1. The earnings vol premium is real and broadly persistent across the S&P 500. Across 37,508 earnings events from 2010 to 2025, IV exceeded realised vol by -16.5pp on average, a persistent structural overshoot that translates into $+31 average P&L per $10K notional and a quarterly Sharpe of 2.05. The edge is genuine: it persists across sectors, cap sizes, and surprise regimes, with the notable exception of large negative surprises where the tail move overwhelms the premium. Viable for systematic execution with low transaction costs.
2. The edge is concentrated in large-cap names with liquid option markets. The top two market cap quintiles account for the majority of the aggregate P&L, driven by more consistent IV-RV spreads and the fact that IV data coverage is more reliable for large names. The smallest quintile adds noise without proportionate return.
3. Large negative EPS surprises are the primary source of losses. Events where the company misses consensus by more than 10% produce near-zero average P&L despite a wide IV-RV spread: the occasional stock move that dwarfs the implied range wipes out the premium collected across the rest of those trades. A simple filter (avoiding names where analyst estimate dispersion is high) would improve risk-adjusted performance but requires real-time access to IBES consensus data not available to all market participants.
4. Transaction costs are the primary obstacle to individual implementation. The gross P&L looks attractive at the portfolio level, but bid-ask spreads on short-dated ATM options, particularly outside the largest 50 names, would consume the majority of the theoretical premium. This strategy is viable for systematic options market-makers or well-capitalised funds. It is not a retail edge.

Limitations

This study uses 30-day standardised IV as a proxy for the near-term earnings option. The actual option market prices near-term earnings contracts at a significant premium to the 30-day surface, meaning the true premium available to straddle sellers is likely higher than reported here, but the actual option data is noisier and harder to standardise across 500 names. The choice of 30-day IV understates the premium slightly while improving data reliability and comparability.

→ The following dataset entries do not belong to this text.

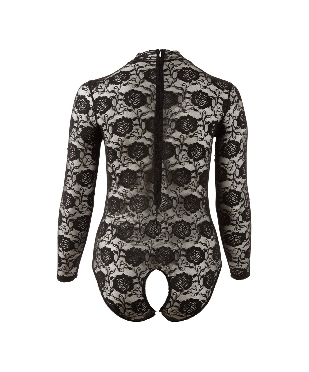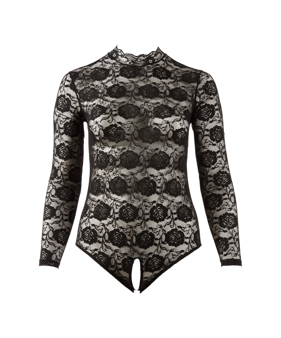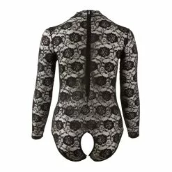 Black bodysuit with long sleeves, short stand-up collar and open crotch. Completely made of lace.
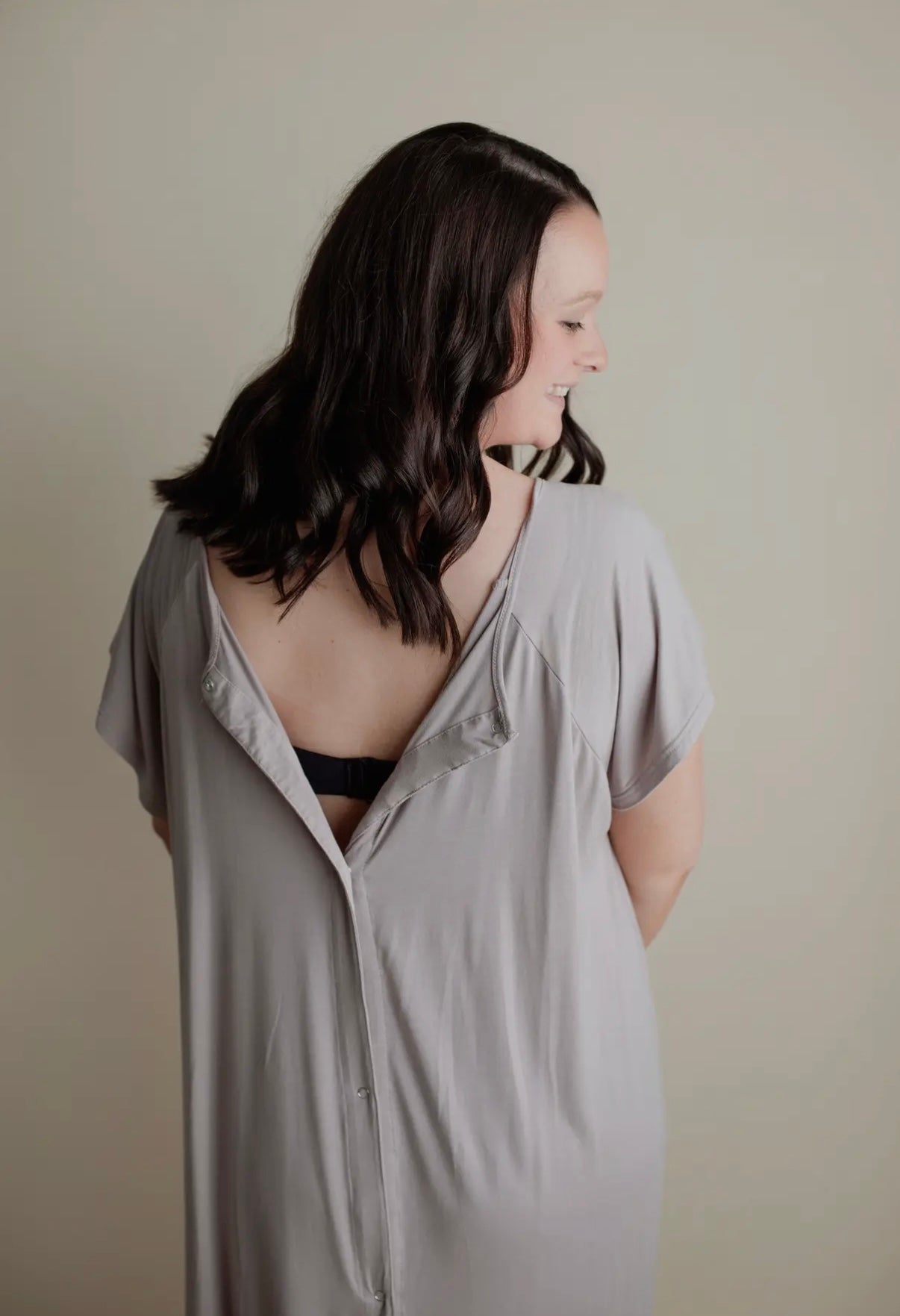 Designed with mamas in mind, our labor and delivery gowns bring comfort, function, and a touch of softness to one of life’s biggest moments. With buttery-soft fabric, easy-open snaps for medical access or skin-to-skin bonding, and a flattering fit that helps you feel like you—even in the delivery room—this gown is the perfect hospital bag essential.
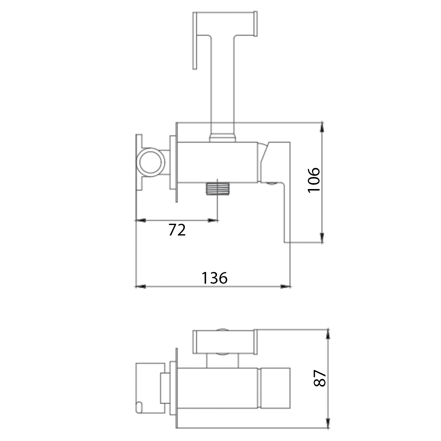 Aqualine Podomítková bidetová baterie se Stop sprškou, hadice 1,2m, kulatá, chrom SK302
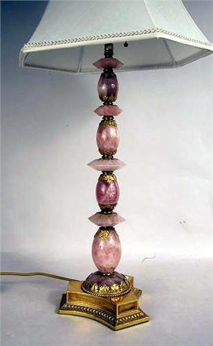 A ROSE QUARTZ AND ORMOLU-MOUNTED TABLE LAMP; Mounted on a gadrooned gilt base 30"h

The 2-day return window (T-1 to T+1) may miss the full earnings move for pre-market announcements, where the stock gaps on T rather than T+1. Using T to T+1 as the event window would slightly increase measured actual moves for this subset. The aggregate effect is small but directionally reduces reported avg P&L and win rate marginally.

GICS sector classifications are as of the most recent Compustat update rather than point-in-time. Several large-cap reclassifications occurred during 2018 (Communications Services sector creation) and will cause some Technology and Consumer Discretionary names to appear under their current sector rather than their historical classification. This affects interpretability of the sector-level results for the 2010-2018 sub-period.